Shoklo Malaria Research Unit, Mahidol-Oxford Tropical Medicine Research Unit, Faculty of Tropical Medicine, Mahidol University, Mae Sot, Thailand.
Mahidol-Oxford Tropical Medicine Research Unit, Faculty of Tropical Medicine, Mahidol University, Bangkok, Thailand.
Malar J. 2017 Jul 24;16(1):296. doi: 10.1186/s12936-017-1942-5.
The spread of artemisinin and partner drug resistance through Asia requires changes in first-line therapy. The traditional modus has been the replacement of one first-line anti-malarial regimen with another. The number of anti-malarial drug candidates currently in development may have given false confidence in the expectation that resistance to artemisinin-based combination therapy (ACT) can be solved with a switch to the next anti-malarial drug regimen. A number of promising anti-malarial drug regimens did not succeed in becoming first-line drugs due to safety concerns or rapid development of resistance. Currently promising candidates for inclusion in first-line regimens, such as KAE 609, KAF 156, OZ 439, and OZ 277, have already triggered safety concerns or fears that point mutations could render the drugs inefficacious. An additional challenge for a new first-line drug is finding an appropriate partner drug. There is hope that none of the above-mentioned concerns will be substantiated in larger, upcoming trials. Meanwhile, combining already licensed anti-malarials may be a promising stop-gap measure.

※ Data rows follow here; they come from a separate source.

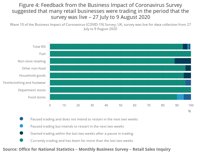 Looking at information gathered from retailers in both the Retail Sales Inquiry and Wave 10 of the Business Impact of Coronavirus (COVID-19) Survey (BICS), which covered the dates 13 to 26 July, most businesses are either currently trading, or started trading in the last two weeks (Figure 4).
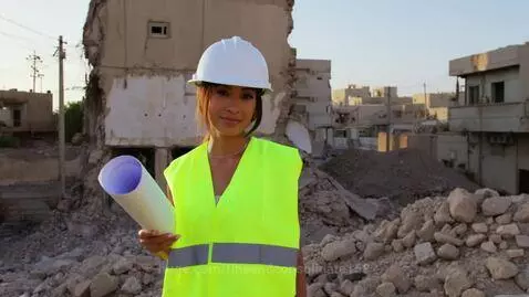 Hunyuan Video Prompt: The scene opens with a confident female civil engineer standing in front of a partially collapsed and damaged building in a dense Middle Eastern urban area — broken walls, exposed rebar, and rubble on the ground. She’s wearing a white safety helmet and a bright neon vest, holding blueprints. The environment reflects a post-conflict or aging neighborhood with nearby buildings, faded walls, and power lines. She looks at the camera and says firmly: “We don’t leave ruins behind. We rebuild them.”
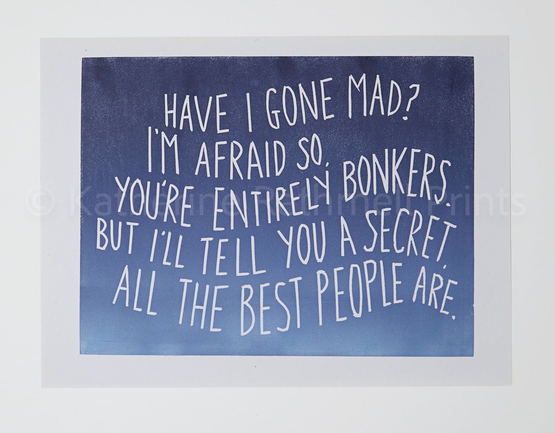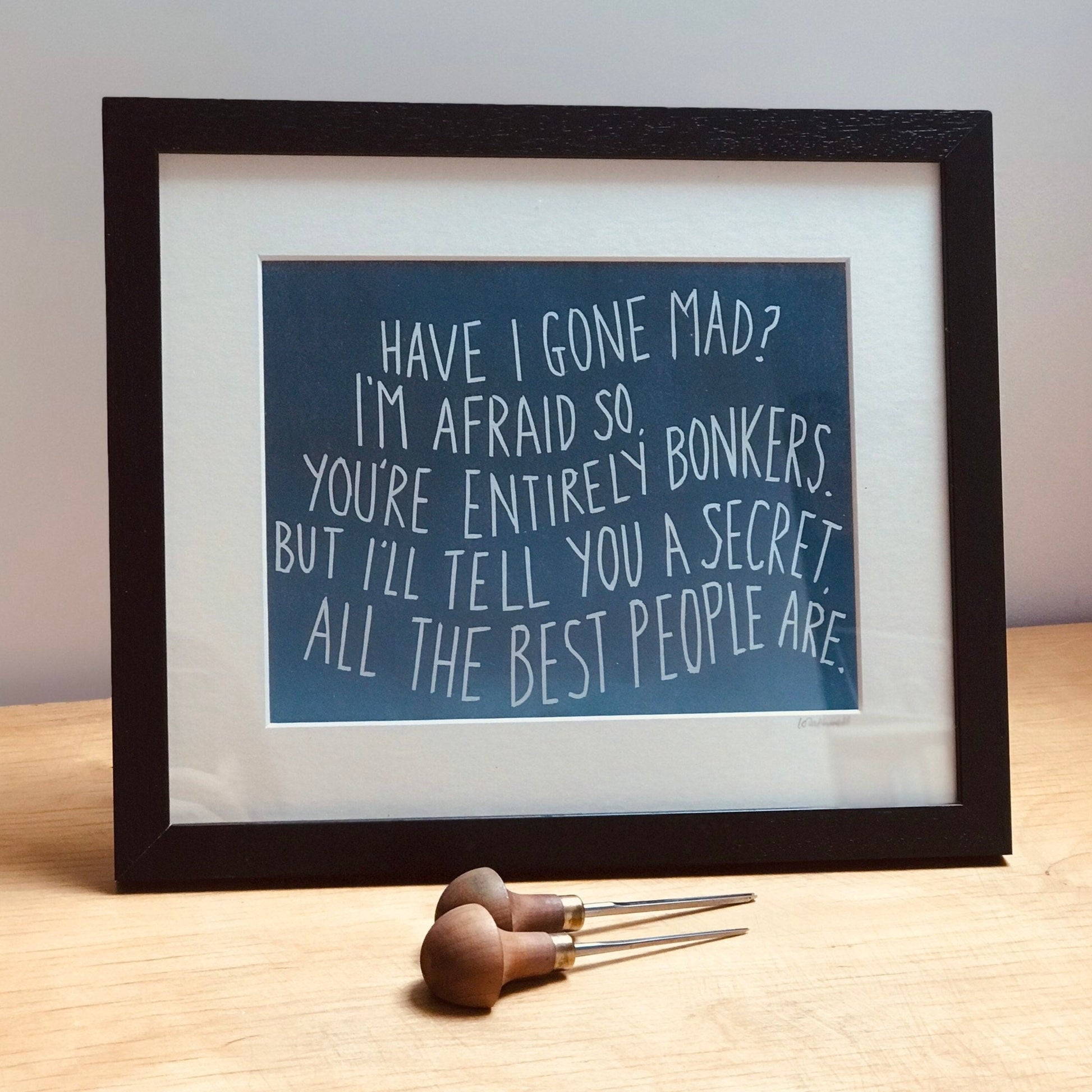 Alice in Wonderland 'Have I gone Mad' quote linocut print in blue or purple
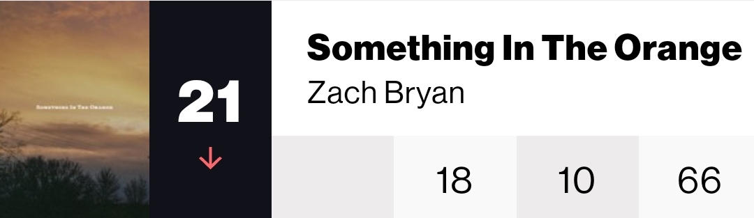 Zach Bryan의 Something in the orange는 이제 66주라서, 2주만 더 차트인 유지하게 되면 차트에 오래 머문 노래들 Top10 기록 하단에 이름을 올릴 수 있을 듯 합니다.
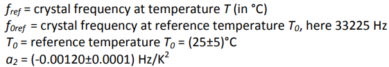 如果參考晶體RKOV206與傳感器晶體RKOV206結合使用,兩個晶體成對使用,頻率差約為550Hz@25.如果兩個晶振處于相同的溫度下,RKOV206和RKOV206之間產生的頻率差(拍頻)如圖2所示(綠色虛線).拍頻的溫度系數如圖3所示.它比僅RKTV頻率的溫度系數(25°C)高15倍. 實際應用
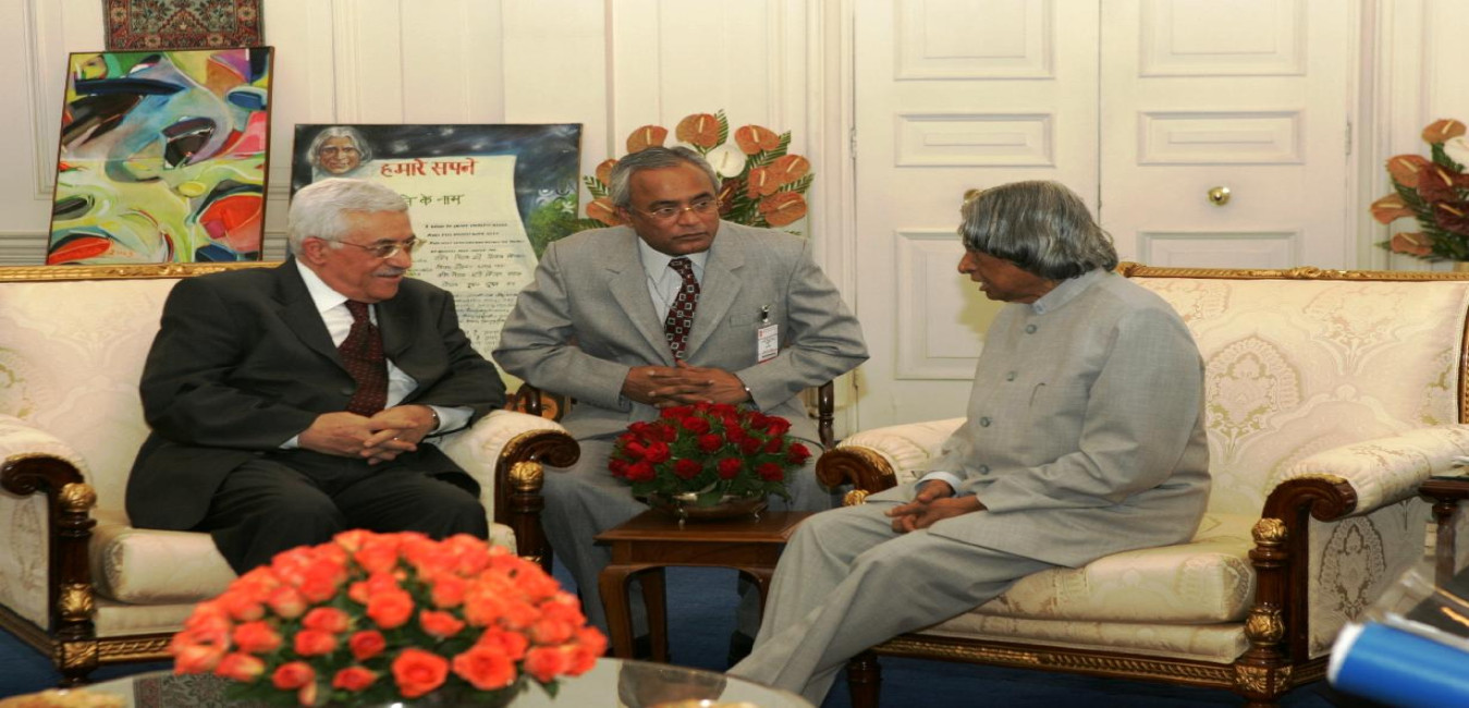 The Chairman of the Executive Committee of PLO and President of Palestinian National Authority, HE Mr Mahmoud Abbas calling on the President of India, Dr A P J Abdul Kalam at the Morning Room at Rashtrapati Bhavan in New Delhi on May 20, 2005
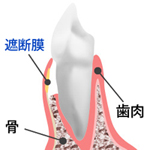 歯周病であごの骨が失われた箇所に特殊な膜を張ることで、あごの骨や歯根膜が再生するためのスペースを確保する治療法です。

Practitioners in Vietnam have empirically started to add mefloquine to the current dihydroartemisinin-piperaquine. Practitioners in Africa could do worse than empirically combine already licensed co-artemether and amodiaquine when treatment with ACT no longer clears Plasmodium falciparum. Both combinations are currently undergoing trials.
青蒿素及其联合用药耐药性在亚洲的传播,要求改变一线治疗方案。传统的方法一直是用另一种一线抗疟方案替代一种方案。目前正在开发的抗疟药物候选药物数量可能使人们产生了错误的信心,即认为可以通过改用下一种抗疟药物方案来解决对青蒿素为基础的联合治疗(ACT)的耐药性。由于安全性问题或耐药性的迅速发展,许多有前途的抗疟药物方案未能成功成为一线药物。目前有希望纳入一线方案的候选药物,如 KAE 609、KAF 156、OZ 439 和 OZ 277,已经引发了安全性问题或担心点突变可能使这些药物无效。对于一种新的一线药物来说,另一个挑战是找到合适的联合用药。希望在即将进行的更大规模试验中,上述担忧都不会得到证实。同时,结合已经许可的抗疟药物可能是一种有希望的权宜之计。越南的医生已经根据经验开始在当前的双氢青蒿素-哌喹中添加甲氟喹。当 ACT 治疗不再清除恶性疟原虫时,非洲的医生除了根据经验联合已经许可的 co-artemether 和阿莫地喹之外,别无选择。这两种组合目前都在进行试验。